The first civilization to claim it was the marine trade nation Phoenicia, in the twelfth century BC. Despite their successful conquest of the coastal areas, Phoenicia was itself pushed out of those territories in the 5th century BC by the city-state of Carthage, although not before leaving its cultural imprint on the people. In his works, Herodotus described the Atlantic Coast of Morocco under Carthage as an important trading spot, and archaeological finds showed evidence of all kinds of products being exchanged there, from metals to textiles and ceramics. Carthage opted to cooperate with the Berber tribes and generously paid for their help in the excavation of the local resources.

It is also during this time that the first records were made of the Berber kings and their inland territories. In particular, this is also when the first mentions of Mauretania are dated too, an independent Berber kingdom, corresponding to the northern part of modern Morocco.
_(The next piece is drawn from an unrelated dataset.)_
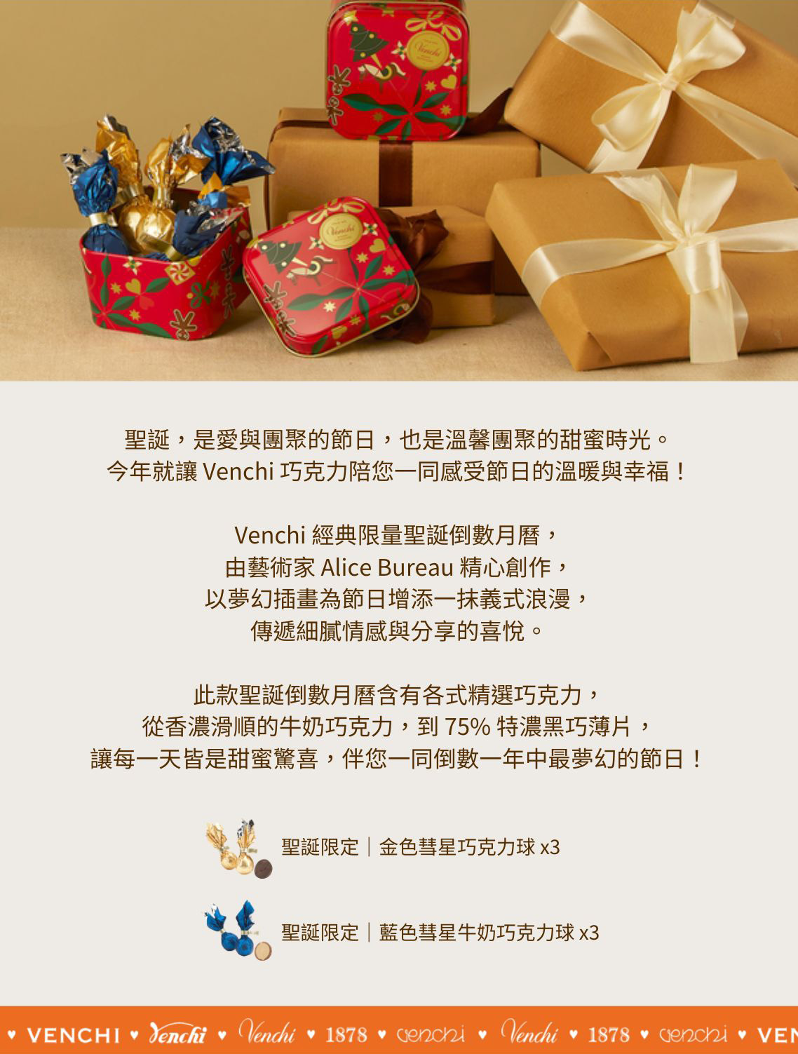 聖誕,是愛與團聚的節日,也是溫馨團聚的甜蜜時光。今年就讓 Venchi 巧克力陪您一同感受節日的溫暖與幸福!
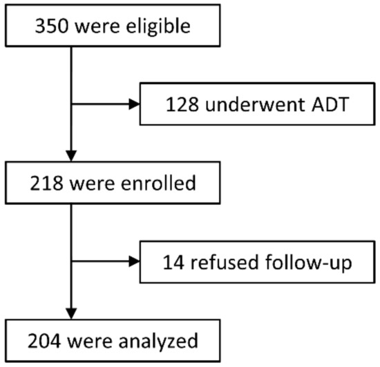 - O’Farrell, S.; Garmo, H.; Holmberg, L.; Adolfsson, J.; Stattin, P.; Van Hemelrijck, M. Risk and timing of cardiovascular disease after androgen-deprivation therapy in men with prostate cancer. J. Clin. Oncol. 2015, 33, 1243–1251. [Google Scholar] [CrossRef] [PubMed]

The kingdom was trading with Carthage and when in the 2nd century BC the Roman Empire marched against Carthage and conquered its coastal cities and settlements, the cooperation and trade agreements were renewed this time for the Romans, until eventually, they became a Roman province. This lasted until approximately the 4th century AD.

During this period, The Romans introduced was the native population to Christianity, and it became quite widespread. However, following the fragmentation and fall of the Roman Empire, the territory began changing hands again, first conquered by the East Germanic Vandal tribes in the 430s BC, and then falling into the servitude of the Byzantine Empire, although a lot of mountain regions remained free and in the hands of the Berbers.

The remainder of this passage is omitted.